In this job, the thought that “everyone has a story” is reinforced pretty often. Sometimes that message comes crashing through, like when my mom tells me she was born dead, and then revived because they dunked her in ice cold water, then steamy hot water.

I made her repeat that. And explain it a few times. Not only is the story amazing, but I also couldn’t believe I hadn’t heard it before. How does that not become a family story that is recounted a few times?

This info all came up because I gave my mom possibly one of the greatest Christmas gifts ever. (And yes, I did kind of yell that to my brother and sister when my mom opened it. I may have raised my arms up in the air like I was the Christmas Champion too.)

It’s something called StoryWorth, and every Monday she is emailed a question about her life. I got to select the questions from a long list. She then writes her answer and emails it back to the company. At the end of the year, they create a book containing all the questions and answers. As the purchaser, I’m cc’d on all the emails, so I get to read her answers early.

The account of her birth answered the question: What stories have you been told about yourself as a baby? My mom is a twin, and she was born 18 hours after her brother (they are twins with different birthdays). The birth took place at home and when my mom came out, she didn’t have a heartbeat. The doctor, who apparently made house calls, got two buckets of water – one ice cold, one hot – and he dunked her, back and forth, between both. Eventually she started to cry.

I mean, really, there’s so much to break down there.

But then the next week’s question arrived: What was your mother like when you were a child? So this will be my mom talking about my grandmother, who was alive when I got married but not when I had children.

I had known my grandmother was raised in an orphanage and didn’t know her parents or even what her true last name was. But that isn’t what my mom wrote about. She talked about life at home during her childhood, how her mother was the disciplinarian and used a cat-and-nine tail, which I had to google. Turns out it’s this scary-looking whip they now sell on Amazon, only it seems it’s used for a completely different purpose today.

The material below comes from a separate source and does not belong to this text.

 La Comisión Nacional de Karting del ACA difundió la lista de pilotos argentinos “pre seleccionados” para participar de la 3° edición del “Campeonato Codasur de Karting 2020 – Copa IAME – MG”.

My grandmother could sew, so she made all her children’s clothes. (I already knew that, because she made mine too.) She did laundry every Monday, ironed on Tuesdays, and cleaned the rest of the week. She had dinner on the table every night at 6 pm when my grandfather arrived home from work. But the shocker: my grandmother worked the nightshift at a printing company. She put her kids to bed, went to work and arrived home before they woke up. She slept during the day, somewhere between the laundry and cleaning and cooking and sewing.

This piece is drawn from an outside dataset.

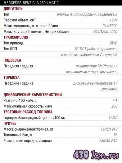 GLA доступен у нас в полноприводном варианте с двухлитровым бензиновым двигателем мощностью 211 л.с., а также с мотором объемом 1,6 л, мощностью 156 л.с. Есть 2,2-литро-вый 136-сильный дизель, но последние два варианта - переднеприводные. Можно упомянуть версию AMG, которая тоже полноприводная и мощная - 360 л.с., но это уже совсем другая история. В европейском варианте присутствует еще дизель (2,2 л, 170 л.с.), и все модели, за исключением 1,6-литровой, доступны с полным приводом. В трансмиссии присутствует семиступенчатая роботизированная коробка 7G-DCT. В Европе в сочетании с базовыми моторами доступна также шестиступенчатая «механика». У нас же, по-видимому, считается, что работа механической коробкой - дело для обладателя Mercedes малопристойное, поэтому машины предлагаются только с «роботом».

My mom ended her answer with: “How lucky I was to have Dorothy Rose Klein as my mom.”

I’ve discovered my mom started an office job the day after she graduated high school. She took gymnastics, which I didn’t know existed in the ’30s, gave my dad a watch that would wind when he moved his wrist – that was a big deal – and her parents bought a “summer place,” aka fixer-upper, at a lake here in Williamstown. Her parents and her siblings rehabbed the house and went on to have many wonderful summers there.

It’s funny how we so rarely ask the people close to us questions about their lives. We live side by side, day after day, not knowing all of their important moments. Usually, we only know the ones we were there for, and that’s a loss.

I don’t know how to fix that, unless I buy everyone this gift, which is unlikely. If you think about it, many people would be too busy to type and send their answers.

Maybe the next time I’m out to dinner with friends and there is an awkward silence, I’ll just ask, “What stories have you been told about yourself as a baby?” The looks I get might be a little weird, but the stories will be awesome.